Describe the solution you'd like
libmagic can be easly added and its identification can be cross checked with sf's results.

[BUG] Streamline the "--install" option

The "--install" option is documented as "Install FileTrove into the given directory." However, this is somewhat misleading because, for example, "~/bin/ftrove --install /home/myusername/filetrove" does not lead to a functioning installation in the specified directory, but to the error message 'level=ERROR msg="Could not create db directory." error="mkdir /home/myusername/filetrove/db: no such file or directory"'.

"~/bin/ftrove --install ." in an existing directory on the other hand works.

I see two possibilities here:

Make it work
Change the help text to ""Install FileTrove helper files into the current directory.", remove the string parameter and default to the current directory.
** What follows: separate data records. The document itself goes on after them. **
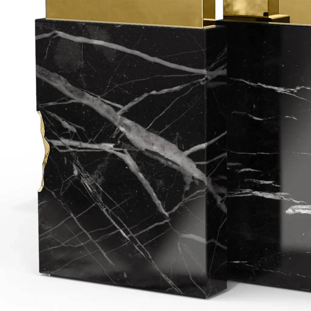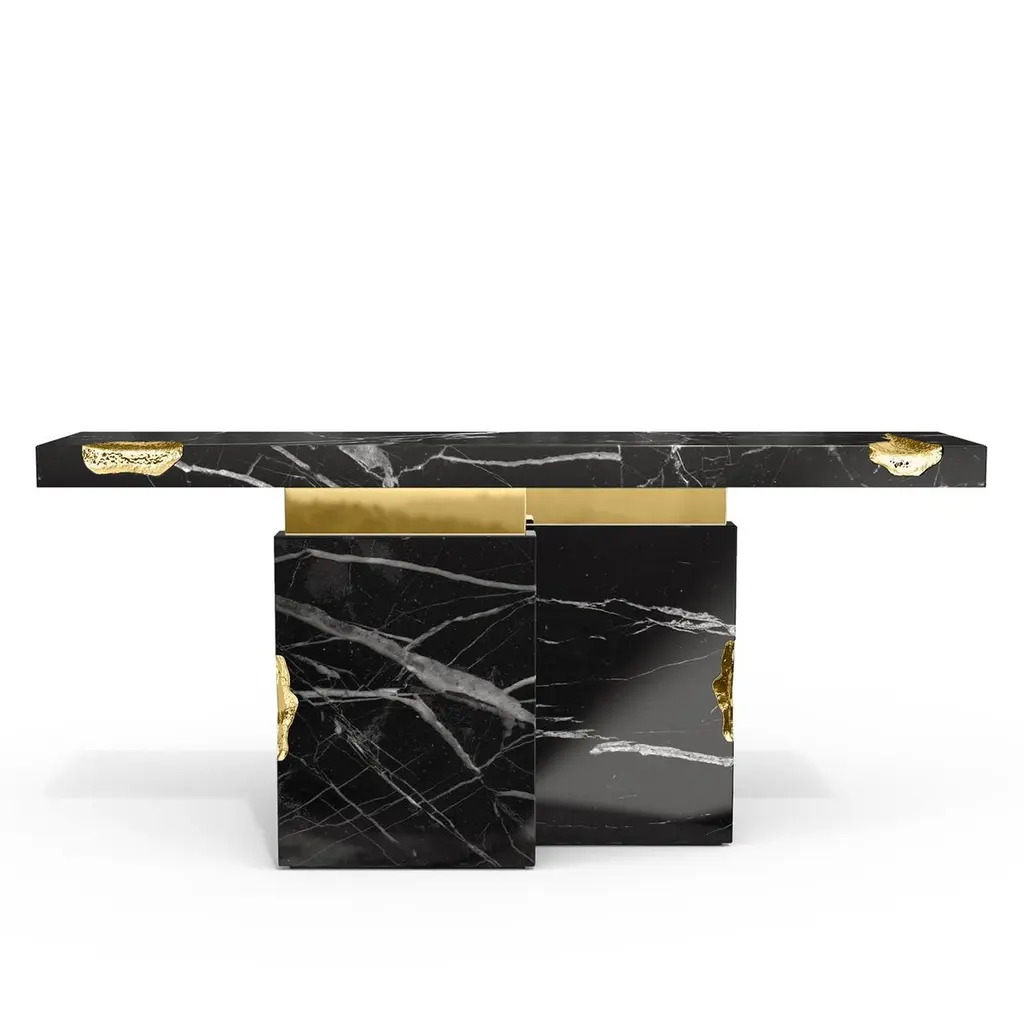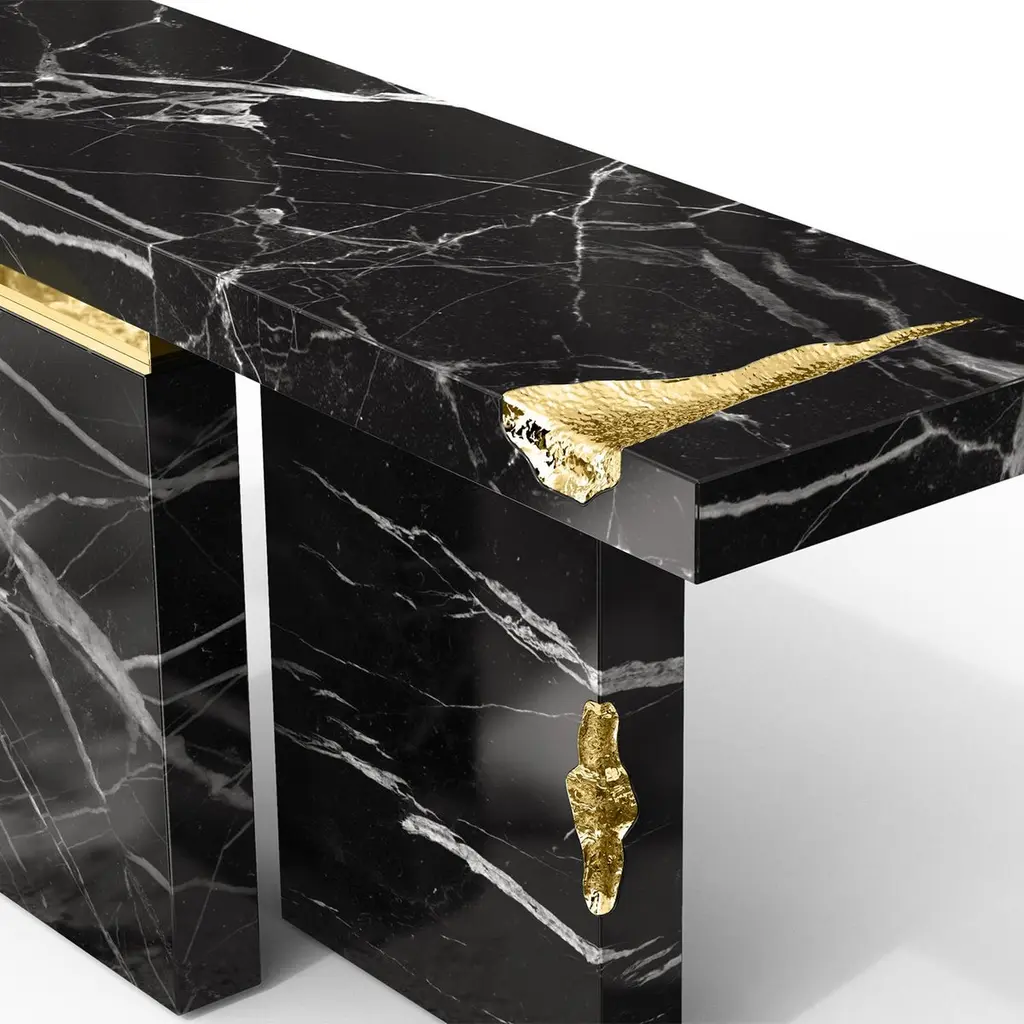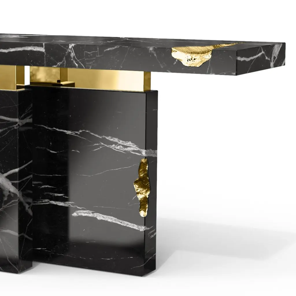 Console table Majestic Black with black marquinamarble, carved and polished. With solid polished brassand with hammered solid brass.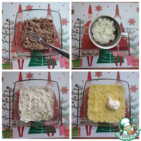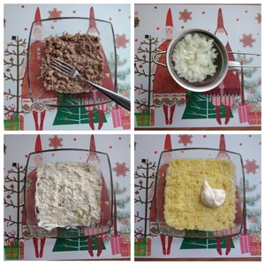 2 слой - ошпаренный кипятком лук и откинутый на ситечко, чтобы ушла вода с него + слой майонеза сверху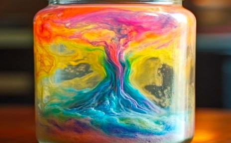4 Watch as it fizzes and bubbles, creating a colourful eruption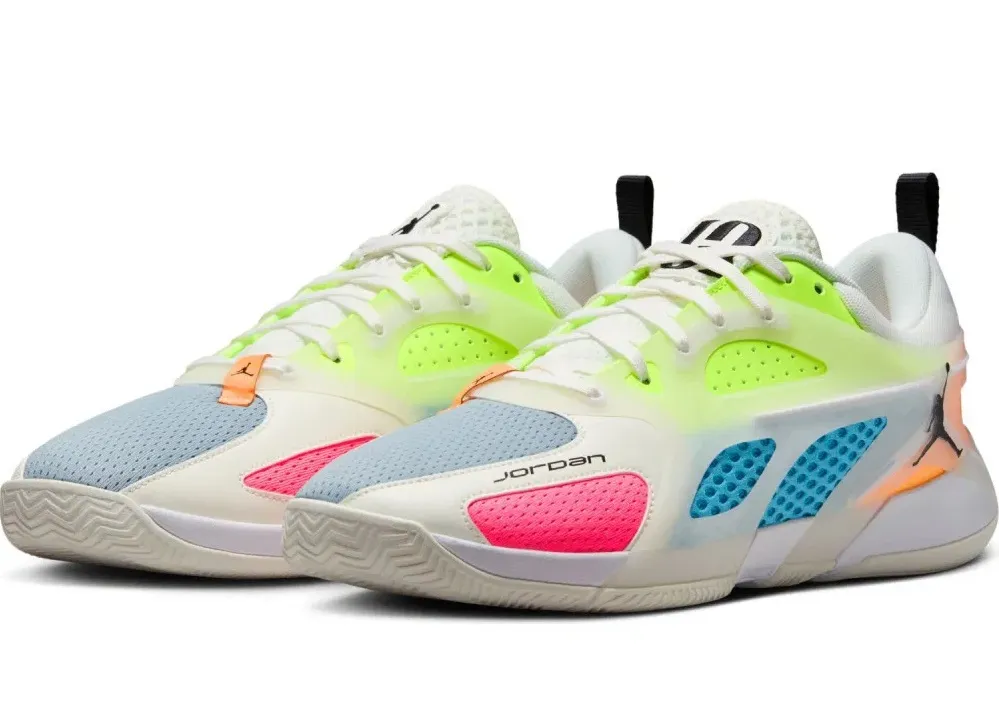 Disponible en France depuis fin octobre, la Jordan Heir en est à présent à huit coloris dont deux petits nouveaux récemment ajoutés à la collection. On retrouve d’abord une version « Abundance », proche de la « Showstopper » en blanc et deux teintes de vert, et une autre plus colorée baptisée « Cutting Twine » mêlant rose, vert fluo, bleu, orange, blanc et noir.

[CHANGE] Add Timestamp Info to Directories, too

I think directories should have all the timestamp information the file items already have. (And also those of #27 of course.)

[CHANGE] Output/Export PREMIS V3 Metadata as well

It would be nice if FileTrove or a sibling tool could also output the database contents of a session as PREMIS 3.0 XML or RDF, similar to what Data Accessioner does in PREMIS V2 (see https://cprerc.files.wordpress.com/2016/12/ercm006_file-transfers-using-dataaccessioner.pdf, p. 12, https://www.loc.gov/standards/premis/v3/index.html).

This is of course a big feature request with currently low priority...

[BUG] filesfidentnote and filesfidentproof always seem to be identical

I never saw a case where the colums filesfidentnote and filesfidentproof held different information, so maybe either die Siegfried results are mapped incorrectly or one of these columns may be dropped.

v1.0.0-DEV-11 on Arch Linux.

[CHANGE] Create session specific and overall report

Describe the solution you'd like
FileTrove should be able to export a report listing

all sessions
all sums of files and directories over all sessions
the same for single sessions

To avoid this an upgrade path for every release should be defined and easily executable.

Therefore admftrove should have

i) all paths
ii) sql updates
iii) and file updates

as update function.

[CHANGE] Faster download for NSRL database

Is your feature request related to a problem? Please describe.
Download from archive.org is pretty slow. The NSRL SHA1 BoltDB should be hosted on a faster server.